Would the 2 circle exercise you posted about a while ago (where you make a + from the - and | circles) help at all?

Clandestino: I had to take a break with doing the CD because of work. We are in crunch time and I was stressed. I have picked it back up and am trying to do it twice a day but usually only do it at night. I am getting up earlier (like today) so that I can do the CD in the morning. Still nothing to post about, but if I am able to get to F10 like Frank, I think anybody in the world should be (everyone probably says that!) :}

Thanks again for the replies.


AndrewTheSinger

Hello TheJza.

A different opinion:

What I think it's happening to you is a connection problem. The action going on the right side of your view can be a visualization problem, but the 'everything turning black again' is not.

What happens is that our conscious mind thinks in analog. It unites/links things that we understand to make something logical, therefore it has a hard time understanding things that don't have a sequence, things that are not somehow linked to anything else that we understand.
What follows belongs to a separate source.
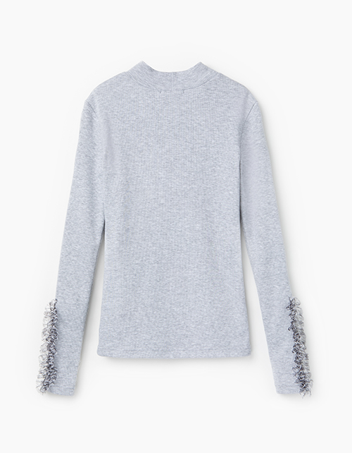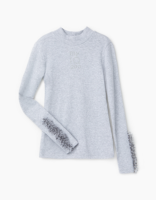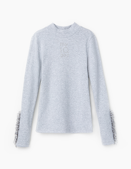 Джемпер прилегающего силуэта с невысокой стойкой. Мягкий и практичный. Дышащий, но сохраняющий тепло. Отделка по рукаву в виде изящной рюшечки из сетки. В тон джемпера спереди - лаконичная вышивка из страз "My IQ200".

You said things seem to go until you try to take the role and play it in the first person, but there is a gap there. Your mind just can't accept you jumping in the scene 'from nowhere', so it goes "Wait! I don't know how to do that, lets start again". And there you go to the trance again.

What you can do is to make a bridge between you and the action that is going. Maybe by making the character invite you in so you can change places. Or you can acknowledge the presence of your astral body watching everything, and then interact with the scenery and the characters, and that will instantly bring you into the scene.

For instance, if you feel like you're watching tv or looking through some binoculars, you can stretch out your astral hands and touch, and turn a mental projection into astral projection.

If you're not good at the visualization exercises yet and you get across a situation where you suddenly go blind, you can continue with what you're doing and soon you'll regain vision. If you're walking and lose sight, if you're swimming and lose sight, just carry on with whatever you're doing, feel yourself still there and you might be able to see again in a few seconds. This just won't apply to situations where you're doing something and decide to do something else that has no relation to the prior cause of the analog conflict thing.



Where does this silence come from?

The untold past of the Earth: http://hiddenhistory.awardspace.com

IanWilson

TheJza...

Keep rockin' the bineural beats boyaaa!

Ian


Frank

quote:
Originally posted by TheJza:
Frank: It is funny that you say the Day time is the best time to practice. When I do the Cd in the morning before work (which I just did), this is the toughest time. My eyes are constantly moving behind my eyelids and snapping me back to looking at the black behind my eyelids.  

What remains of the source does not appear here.